I'm implementing a service (as rest) that receives a POST method.

The encoding in my sistem is UTF-8.

I'm using jboss 5, in which the servlet that receives the requests follows the HTTP 1.1 specification of rfc2068 which states that:

When no explicit charset parameter is provided by the sender, media subtypes of the "text" type are defined to have a default charset value of " ISO-8859-1 " when received via HTTP.

so when the client that invokes my service is using for example UTF-8 and doesn't specify a charset, and the body of the POST contains characters outside the US-ASCII, the Jboss servlet assumes " ISO-8859-1 " and does a "wrong" decodification and in my system i receive "broken" characters. For example instead of the string "día" i receive "dÂa".

The approach i found for "protecting" my system is to require the client to specify the charset in the content-type parameter. If a charset is not specified then i respond with an http 403 and a text indicating that "the charset value must be specified".

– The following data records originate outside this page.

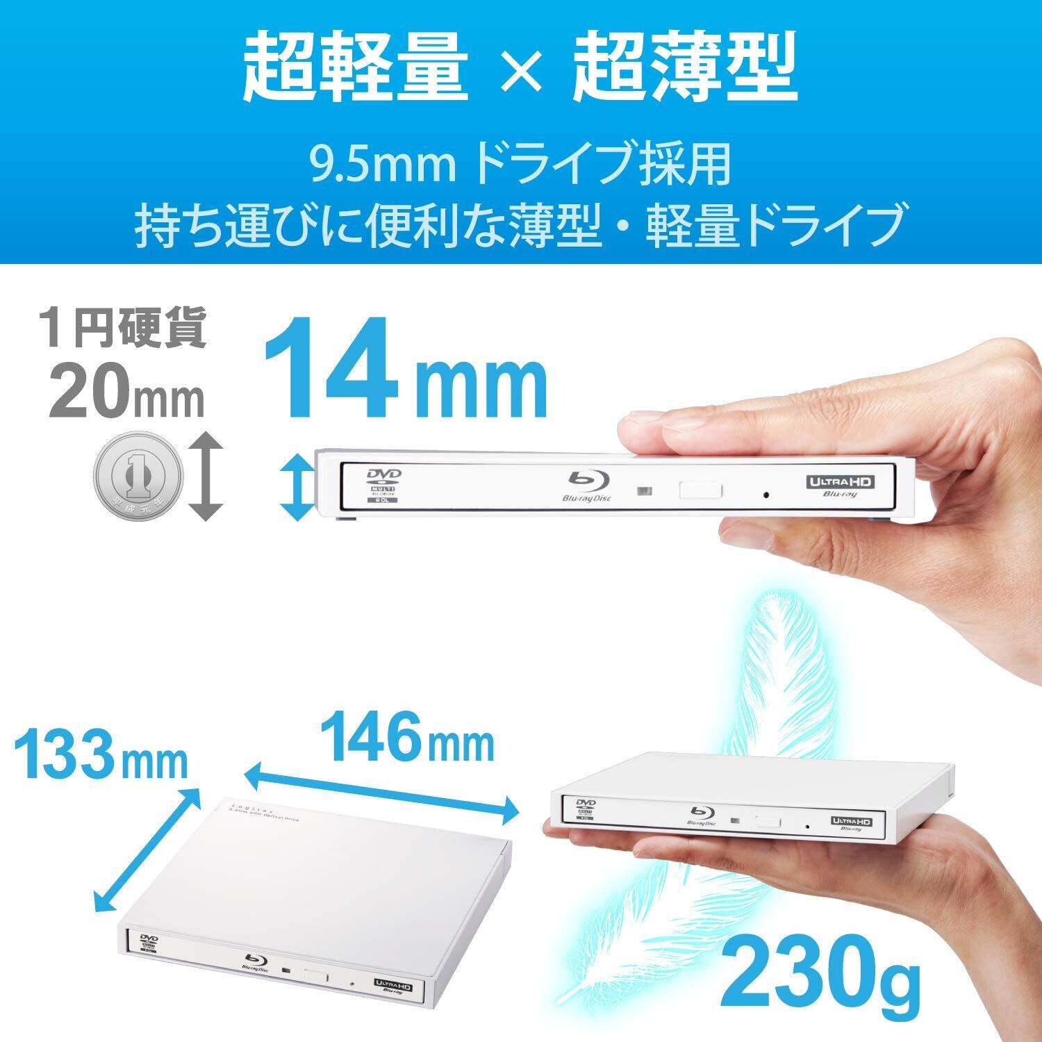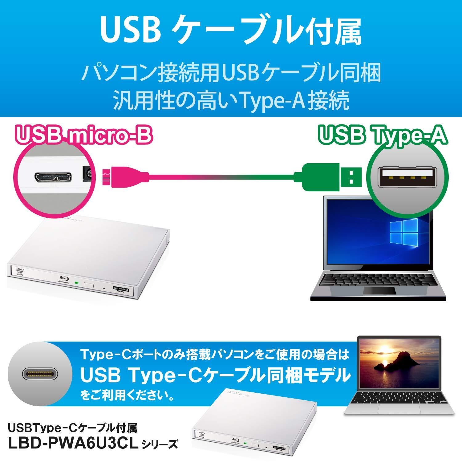 ロジテック 外付け ブルーレイドライブ USB3.2 Gen1(USB3.0) UHD BD対応 書込ソフトCyberLink Power2Go付 ホワイト LBD-PWA6U3LWH
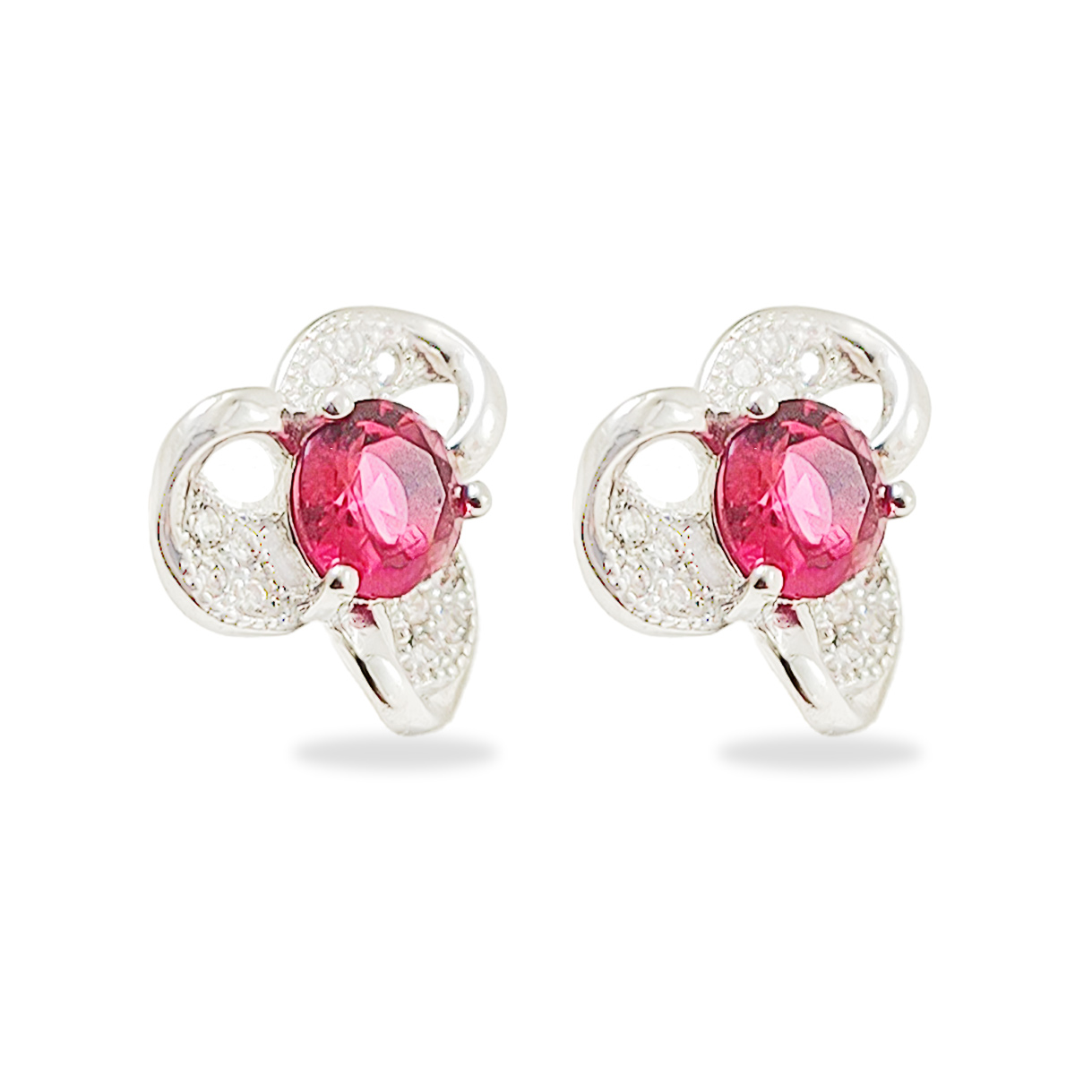 These exquisite earrings feature a central pink gemstone, elegantly surrounded by smaller clear gemstones, all set in a luxurious Sterling Silver. The floral design exudes a timeless elegance,
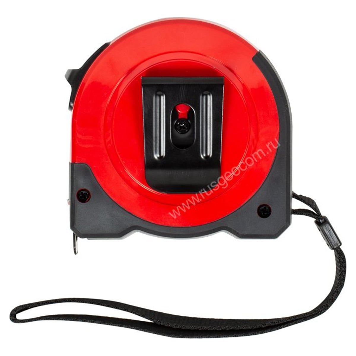 Удобство пользования обеспечивается за счет небольших размеров корпуса. Для исключения выскальзывания рулетки из рук предусмотрены резиновые накладки.
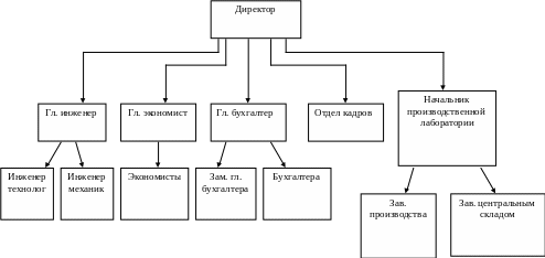 В подчинении директора находятся главный бухгалтер (заместитель главного бухгалтера, бухгалтера); отдел кадров; главный экономист (экономисты); главный инженер (инженер-технолог, инженер-механик); начальник производственной лаборатории (зав. производства, зав. центрального склада).
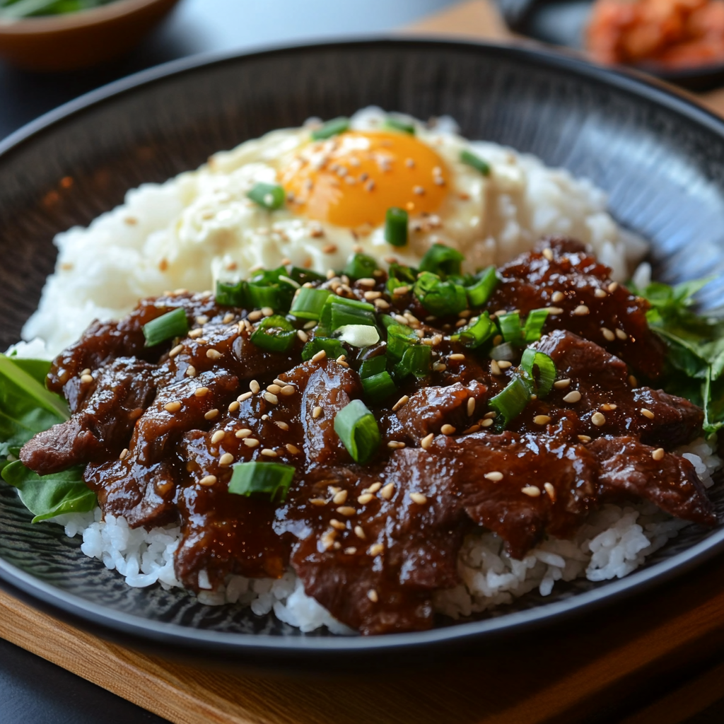 - Serve bulgogi over a bed of steamed rice. Top with sliced green onions and sesame seeds for added flavor and visual appeal.

Is there anything wrong with this approach?

RFC 2068 has been obsoleted twice and really is irrelevant. You need to look at RFC 7231, which doesn't define a default anymore. This means that the default is governed by the definition of the media type.

For text/plain, this implies US-ASCII (as far as I remember), so clients that want to send non-ASCII characters really need to specify the charset.